Bontang
Dinas PU Panggil Managemen PT BCK
Maksi mengaku akan segera menurunkan timnya untuk survei sekaligus analisa terhadap rumah warga yang mengalami keretakan
Editor:
Adhinata Kusuma
BONTANG, tribunkaltim.co.id - Kepala Bidang Cipta Karya, Dinas Pekerjaan Umum Bontang, Maksi Dwiyanto, berjanji akan segera menindaklanjuti pengaduan Mahmud dan Sumaryono, warga Telihan yang diduga terkena dampak pembangunan pasar Taman Telihan Bontang.
Maksi mengaku akan segera menurunkan timnya untuk melakukan survei sekaligus analisa terhadap rumah warga yang mengalami keretakan saat pasar Taman Telihan dibangun tahun 2009 silam. "Bersamaan dengan kami juga memanggil managemen PT Bangun Cipta Kontraktor (BCK) selaku kontraktor pasar Telihan," ungkap Maksi, Selasa (19/6).
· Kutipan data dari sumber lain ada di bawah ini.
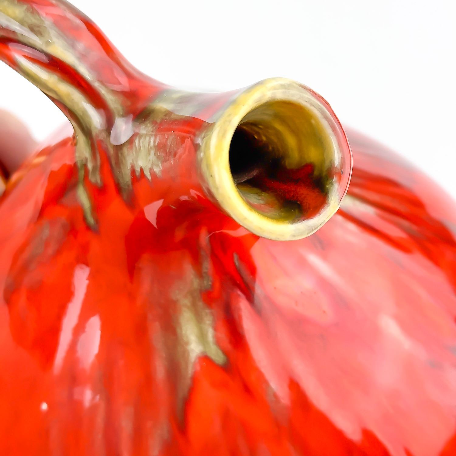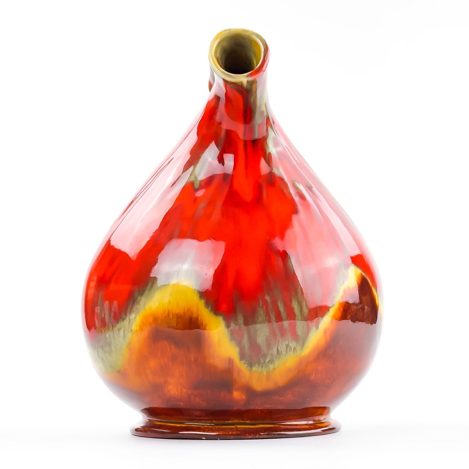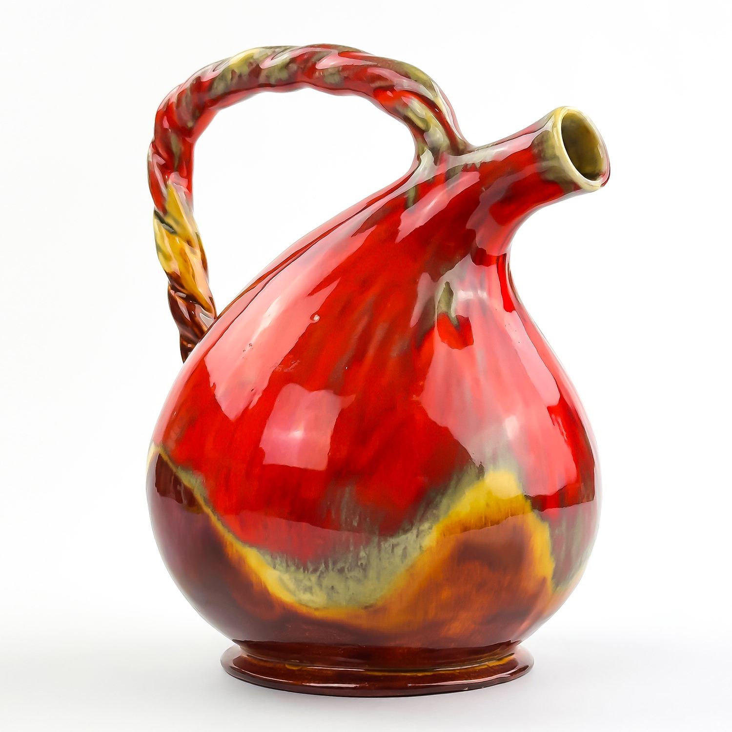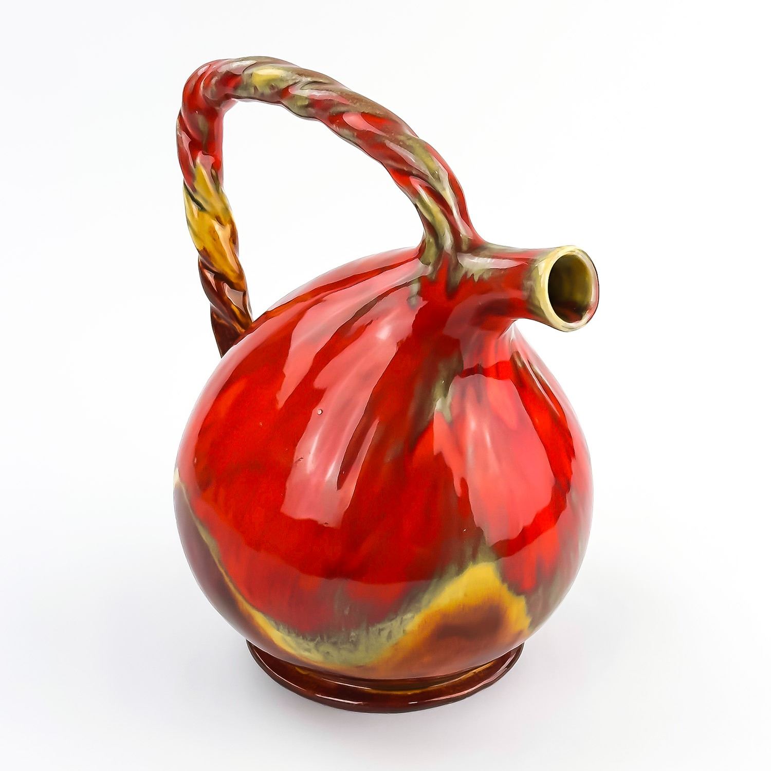 #8039 - GRENADIER GLAZED STUDIO ART POTTERY CANADA CANADIAN. HOME OR BAR DECOR WATER PITCHER POTTERY SCULPTURE. MEASURES: 9” (23 CM) TALL BY 8” (20.5 CM) WIDEST DIAMETER - SPOUT TO HANDLE

Ia memastikan, jika terbukti hasil analisa menunjukkan penyebab kerusakan rumah warga akibat proyek pasar Telihan, maka PT BCK harus bersedia memberikan ganti rugi. Ganti rugi merupakan bentuk tanggung jawab perusahaan/ kontraktor atas pekerjaan yang dilakukan.
"Kalau memang terbukti, tentu pihak kontraktor harus bersedia memberikan ganti rugi. Ini sudah menjadi kaidah umum," paparnya.